"The One with Ross's New Girlfriend" is the first episode of Friends second season. It first aired on the NBC network in the United States on September 21, 1995.

Plot
Continuing where the first season finale left off, Rachel goes to the airport to greet Ross as he returns from China and tell him she would like to give their relationship a chance. However, she sees Ross arrive with his new girlfriend, paleontologist and former graduate school classmate Julie. Chandler, feeling guilty for both telling Ross to move on from Rachel and letting slip to her Ross's feelings for her, talks with Ross to get an explanation of how everything happened and how it is going with Julie. Chandler's talk with Ross fails to console Rachel, as Ross confirms that he is having a great time with Julie. Everyone soon tires of Ross and Julie's displays of affection – including Rachel, who has a one-night stand with old flame Paolo in order to try and get over it.

Rachel finally tells Ross that she and Paolo are not getting back together and that it was a mistake, and is about to confess her feelings for him. But after Ross gets his feelings for Paolo, specifically that he is "scum", off his chest, he tells Rachel he thinks she should be with someone who considers himself lucky to have her – like he is with Julie. When she hears this, Rachel has nothing more to say to him, realizing that Ross is truly happy with Julie.

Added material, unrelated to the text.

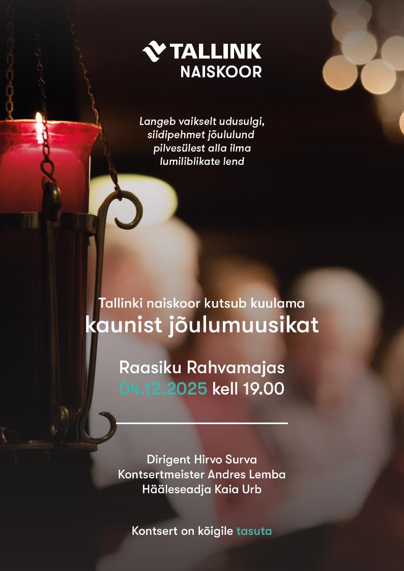 TALLINKI NAISKOORI KONTSERT+ Add to Google Calendar+ iCal / Outlook export Date04 Dec 2025Expired! Time 19:00 - 20:00Järgmised üritused: CategoryEsitlusFilmKOGUPEREKontserdidNäitusedNoortekeskuse tegemisedõpitubaPiduspordivõistlusTeatertrennvaria March 2026 Mar 05 2026TEEAEDADE TEGIJATE ESIMENE KOHTUMINE Mar 07 2026TANTSULINE KONTSERT Mar 08 2026MINIDISCO vanusele 1-10 Mar 10 2026PILATESE TRENN Mar 12 2026KAASAVA EELARVE IDEELABOR Mar 15 2026Kiili harrastusteatri etendus Mar 21 - 22TANTSUÕHTU ANSAMBLIGA HELLAD VELLED No event found!

Chandler needs a pair of pants altered, so Joey sends him to the Tribbiani family tailor. All is fine – until the tailor measures Chandler's inseam a little too well. Chandler comes back angry and blames Joey for the fiasco. Joey still thinks that is how tailors do inseams, until Ross and Chandler convince him about the real intentions of the tailor. Joey realises and is found calling all his relatives about the problem.

Meanwhile, Monica wants Phoebe to give her a new haircut, since she did such a great job with Joey's and Chandler's haircuts. Phoebe, aware of Monica's pickiness, declines at first but eventually relents. Monica requests that Phoebe cut her hair like Demi Moore; Phoebe gets confused and cuts her hair like Dudley Moore. Monica is very upset and the rest of the gang try hard to console her. In the tag scene, Julie asks Phoebe to cut her hair for her like Andie MacDowell. When she asks Rachel for advice on how to cut it, Rachel gets her revenge on Julie by describing Andie MacDowell as "the guy from Planet Of The Apes".

In a deleted scene, Phoebe pokes fun at Rachel when she demands to know who gave Julie the number to her and Monica's apartment.

Reception
In the original broadcast, the episode was viewed by 32.1 million viewers.

Sam Ashurst from Digital Spy ranked it #215 on their ranking of the 236 Friends episodes, and called the episode fine, but not especially funny. Telegraph & Argus also ranked it #215 on their ranking of all Friends episodes.